→ **Given entries**:
☆ ☆ ☆

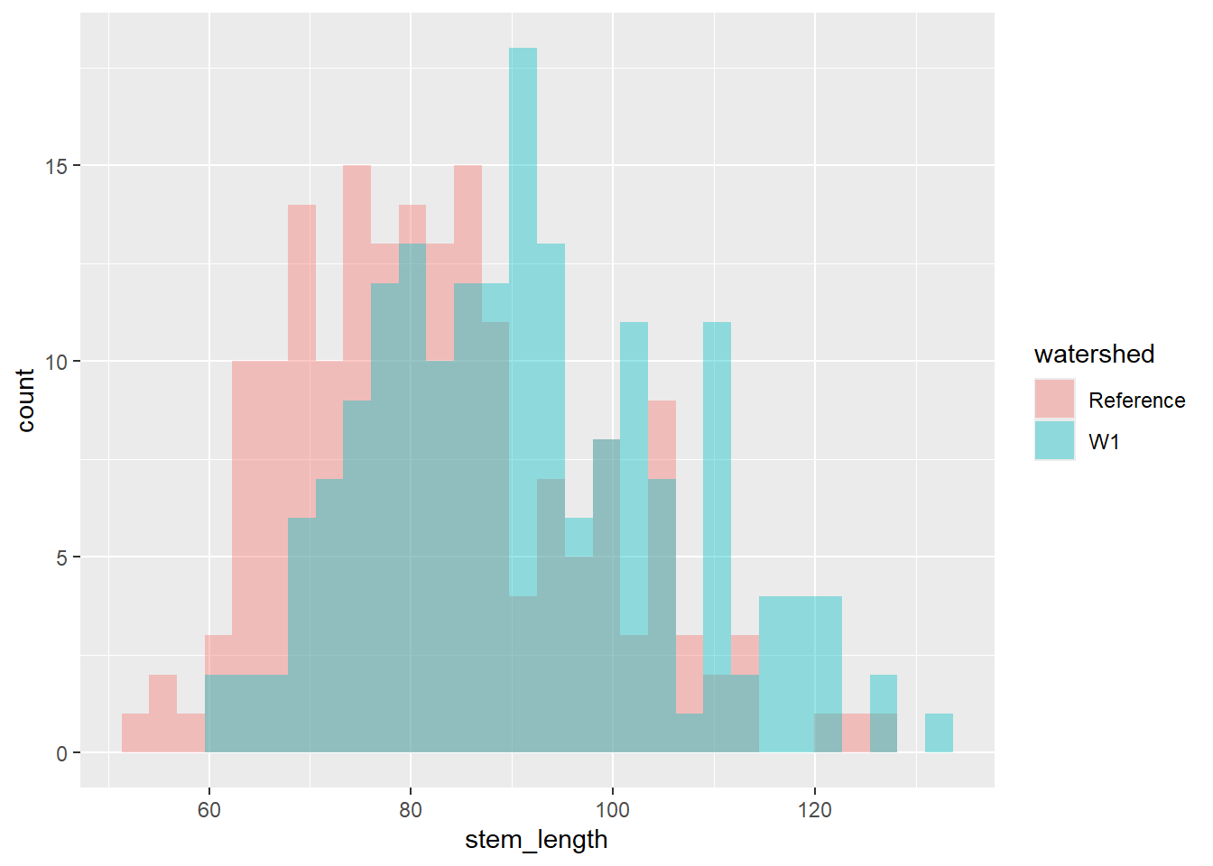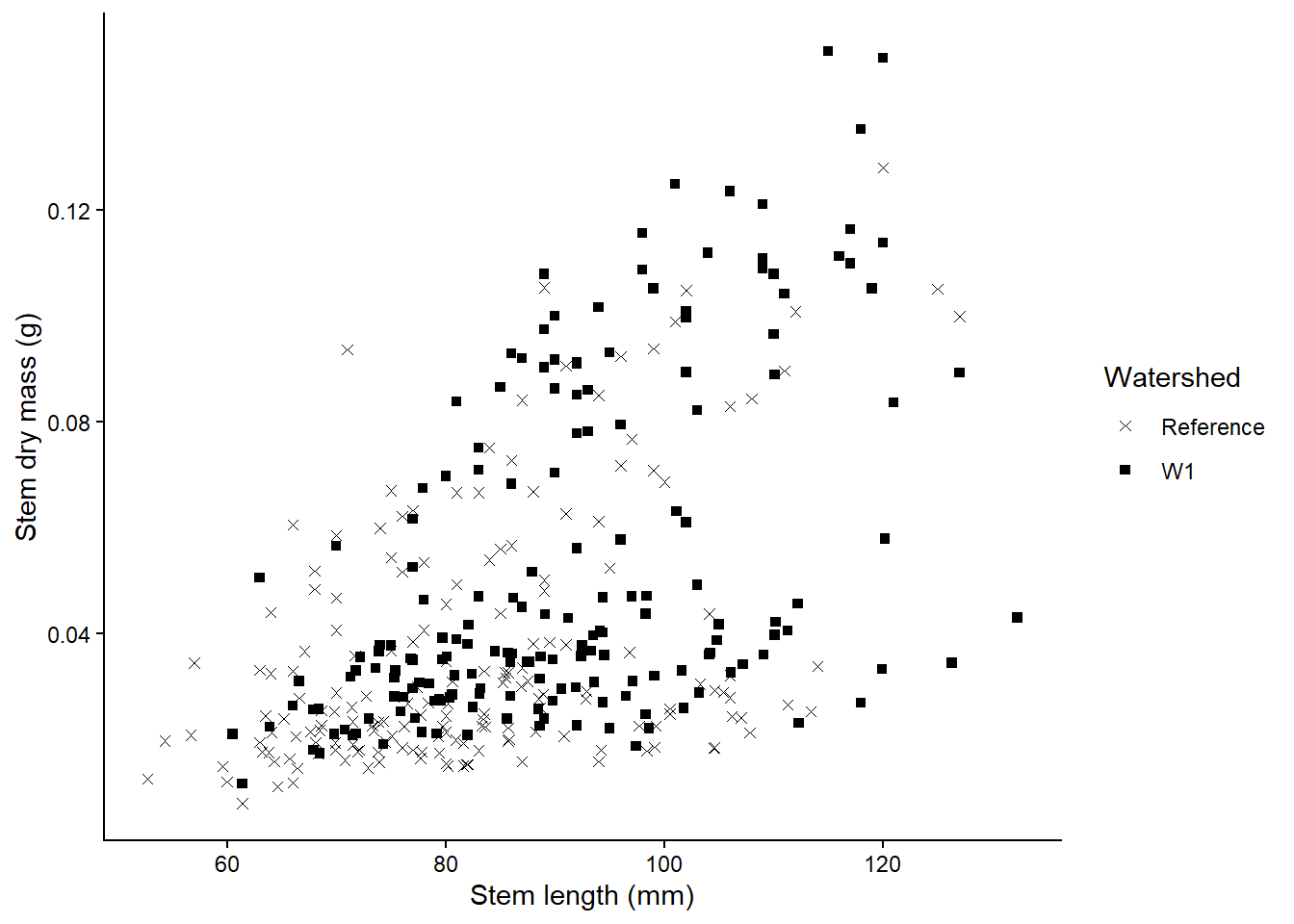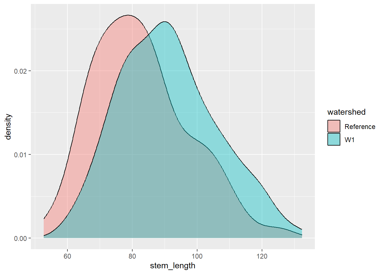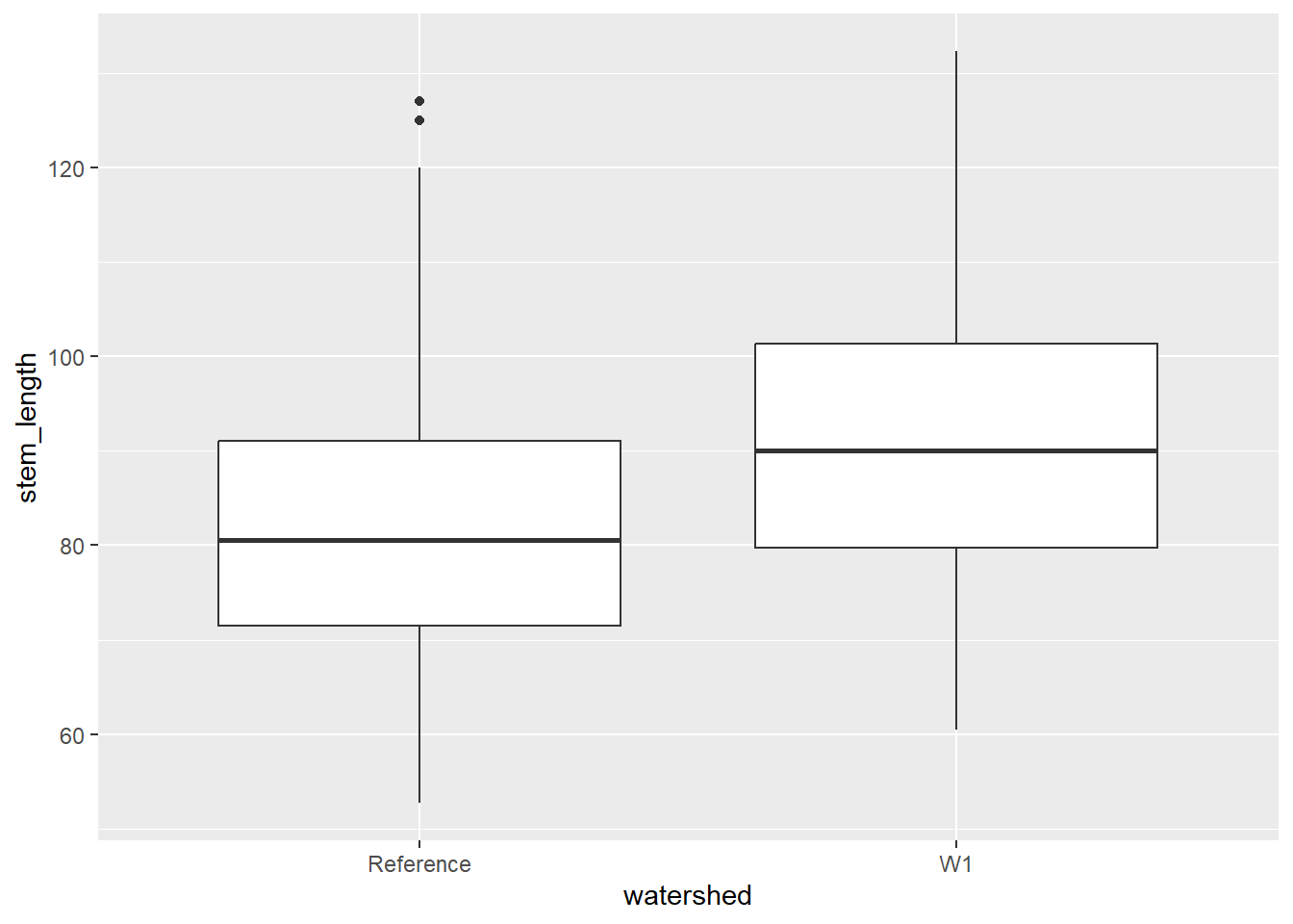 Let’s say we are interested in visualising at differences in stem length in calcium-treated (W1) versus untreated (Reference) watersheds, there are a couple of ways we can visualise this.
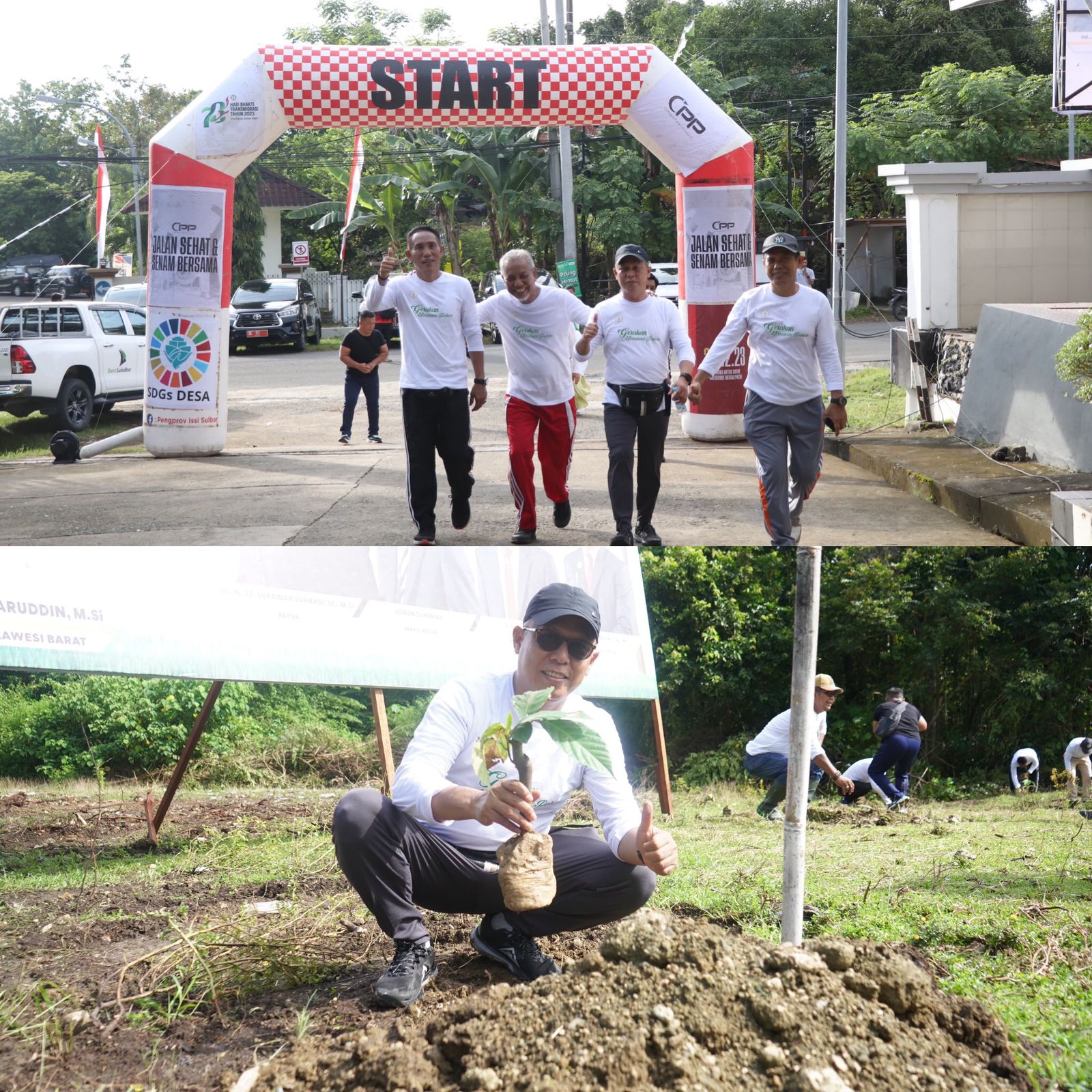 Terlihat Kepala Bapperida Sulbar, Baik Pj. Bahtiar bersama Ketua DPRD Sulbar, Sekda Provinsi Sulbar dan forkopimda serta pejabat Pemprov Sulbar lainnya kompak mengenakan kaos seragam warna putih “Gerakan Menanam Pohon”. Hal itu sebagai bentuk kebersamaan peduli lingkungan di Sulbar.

☆ ☆ ☆

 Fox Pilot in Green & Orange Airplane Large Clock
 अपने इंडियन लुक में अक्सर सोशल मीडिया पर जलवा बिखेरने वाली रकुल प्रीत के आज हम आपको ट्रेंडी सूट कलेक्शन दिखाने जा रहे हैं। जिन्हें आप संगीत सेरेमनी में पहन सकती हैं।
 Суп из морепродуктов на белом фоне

☆ ☆ ☆

→ **Exercise aim**: Restate word for word only the lines above from the line containing "अपने इंडियन लुक" to the line containing "Суп из морепродуктов на белом фоне", both of them included.

→ **Exercise solution**:
 अपने इंडियन लुक में अक्सर सोशल मीडिया पर जलवा बिखेरने वाली रकुल प्रीत के आज हम आपको ट्रेंडी सूट कलेक्शन दिखाने जा रहे हैं। जिन्हें आप संगीत सेरेमनी में पहन सकती हैं।
 Суп из морепродуктов на белом фоне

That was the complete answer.